Productivity, Portability, Performance: Data-Centric Python

Alexandros Nikolaos Ziogas,Timo Schneider,Tal Ben-Nun,Alexandru Calotoiu,Tiziano De Matteis,Johannes de Fine Licht,Luca Lavarini,Torsten Hoefler
DOI: https://doi.org/10.1145/1122445.1122456
2021-08-23
Abstract:Python has become the de facto language for scientific computing. Programming in Python is highly productive, mainly due to its rich science-oriented software ecosystem built around the NumPy module. As a result, the demand for Python support in High Performance Computing (HPC) has skyrocketed. However, the Python language itself does not necessarily offer high performance. In this work, we present a workflow that retains Python's high productivity while achieving portable performance across different architectures. The workflow's key features are HPC-oriented language extensions and a set of automatic optimizations powered by a data-centric intermediate representation. We show performance results and scaling across CPU, GPU, FPGA, and the Piz Daint supercomputer (up to 23,328 cores), with 2.47x and 3.75x speedups over previous-best solutions, first-ever Xilinx and Intel FPGA results of annotated Python, and up to 93.16% scaling efficiency on 512 nodes.

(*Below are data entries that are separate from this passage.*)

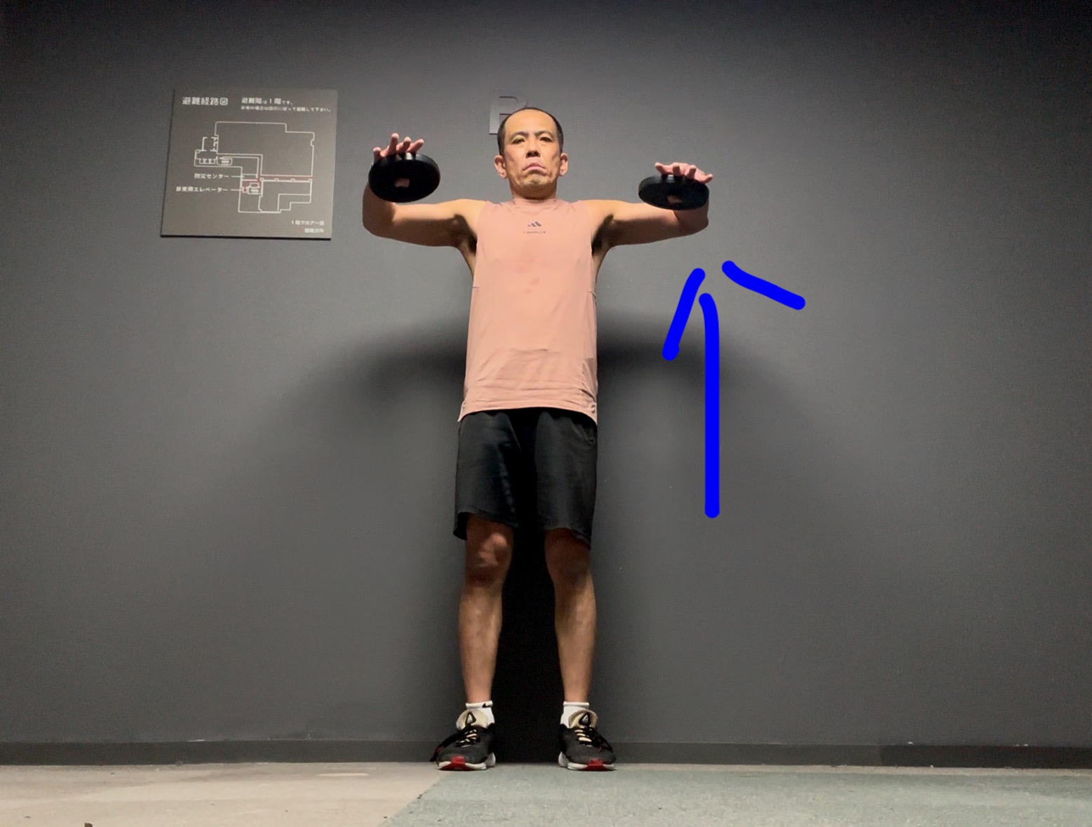前述の通り、通常サイドレイズにしろワイドサイドレイズにしろ、肩の筋肉へしっかり効かせる為の大事なテクニックポイントが↓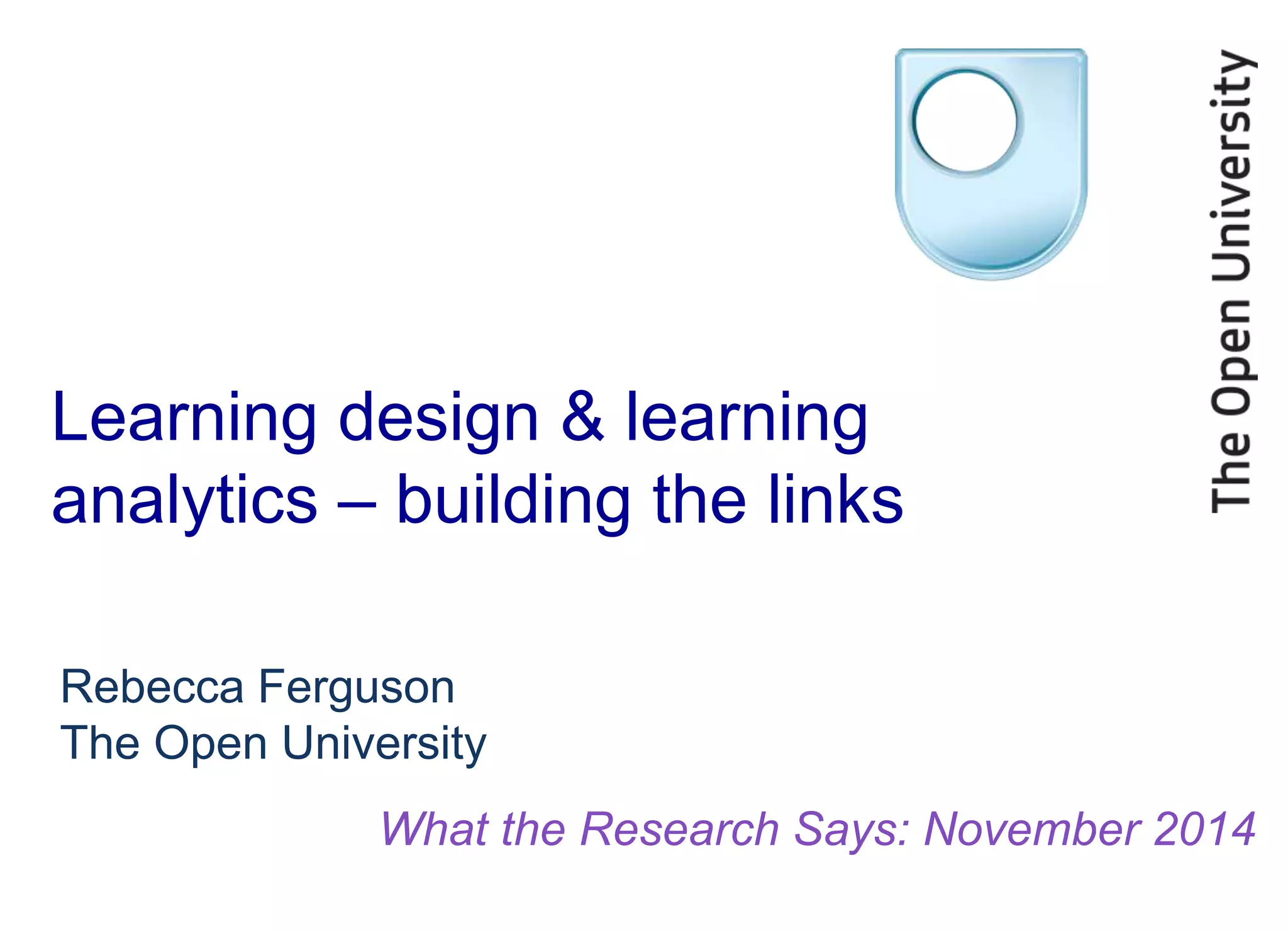This document discusses the relationship between learning design and learning analytics. It argues that learning design provides context that helps frame analytics questions and identify appropriate analysis. A MOOC planner is presented that prompts designers to plan different activity types like delivered content, reflection, collaboration, and assessment. Analytics can then provide insight into how learners engaged with those different activities. The document also discusses clustering analysis of learner engagement patterns in MOOCs, like samplers, strong starters, mid-way dropouts, and keen completers. Engagement patterns can vary based on pedagogy and learning design.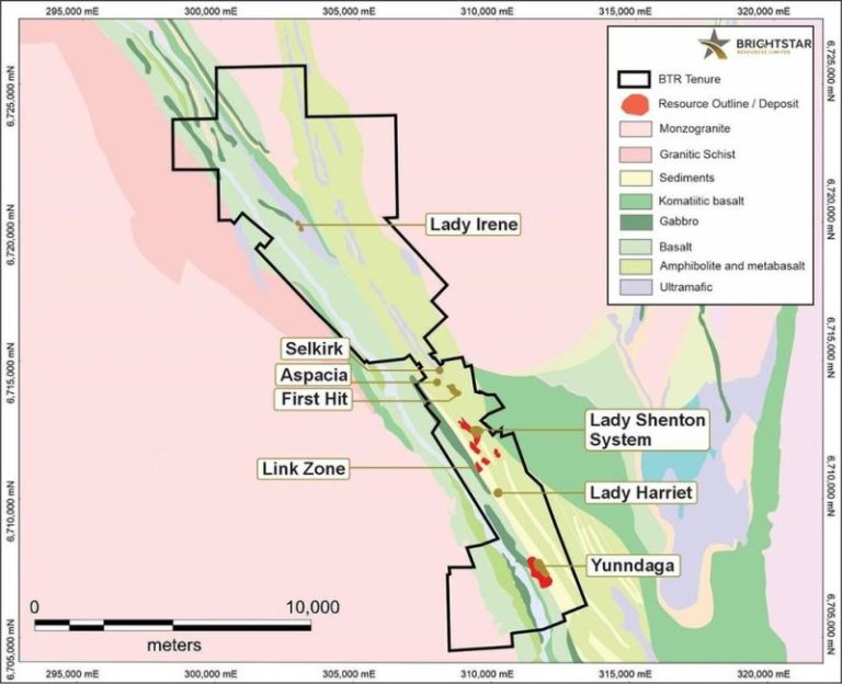 - Brightstar’s mineral assets are situated across roughly 300 square kilometers of 100-percent-owned land in the Laverton Tectonic Zone and ~80 square kilometers in the high-grade Menzies Shear Zone.

Programming Languages,Distributed, Parallel, and Cluster Computing,Performance
What problem does this paper attempt to address?

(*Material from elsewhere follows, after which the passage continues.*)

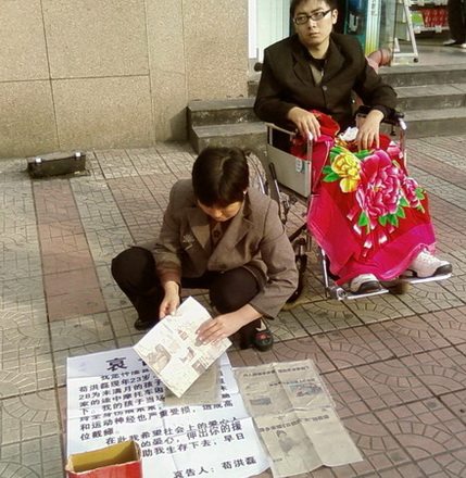 一个下午,当我下班接孩子回家时,见到路边人行道上有一位坐在轮椅上的年轻人和他的母亲,面前地上摆着一张这样的《哀告书》,旁边还有几张《绵阳日报》,上面登着他的事情。我上前询问,除了哀告书上的内容,还了解到原来报纸上登的是他出车祸后,他的未婚妻不仅没有抛弃他,还精心服侍他,与他正式结婚的感人事迹。现在,他们不仅用光了所有积蓄,还通过亲朋好友贷了30多万元的款,再也借不到钱了。但是,敬洪磊的病还需要进一步的治疗,只有出来乞讨,维持生活。在我和他母亲交谈的时候,敬洪磊脸色苍白摊在轮椅上,一直面无表情。我的内心感到非常痛心:是啊,这样年轻的生命受到这样严重的打击,可以想象他的心已经苦到无法用语言表达。当时,我也没有更多的办法帮助他们,只有拿出一点钱给他的母亲,并简单给敬洪磊讲因果报应的道理,劝他念佛。他的母亲连连道谢,敬洪磊似乎对我讲的话不反感,也没有表现出很大的兴趣。我问他可不可以看书,我给他拿书看,他表示同意。

The problem that this paper attempts to solve is the contradiction among productivity, portability and performance when using the Python language for scientific computing in high - performance computing (HPC). Specifically: 1. **Productivity**: Python has become the preferred language for scientific computing because of its ease of use and rich scientific computing libraries (such as NumPy), but it does not have high - efficiency performance in itself. The paper proposes a workflow aiming to achieve high - performance computing across different architectures while maintaining Python's high productivity. 2. **Portability**: With the increase in hardware diversity, how to run the same code efficiently on different hardware platforms (such as CPU, GPU, FPGA) has become a challenge. By providing a set of automatic optimization tools, the paper enables Python code to run efficiently on multiple hardware, thus improving the portability of the code. 3. **Performance**: Although Python is very popular in scientific computing, its interpreted execution characteristics lead to performance bottlenecks. By introducing the data - centric intermediate representation (DCIR) and a series of automatic optimization techniques, the paper significantly improves the performance of Python code in the HPC environment. The main contributions of the paper include: - Defining the methodology of high - performance Python and proposing an extension to improve the transformation to the data - centric intermediate representation (DCIR) through explicit annotations. - Providing a set of automatic optimization methods for CPU, GPU and FPGA. These methods improve the average performance by 2.47 times on the CPU and 3.75 times on the GPU. - Implementing automatic implicit MPI conversion and communication optimization, as well as explicit distribution management. The former has an efficiency of up to 93.16% on 512 nodes. Through these contributions, the paper successfully achieves a comprehensive improvement in productivity, portability and performance in a single system.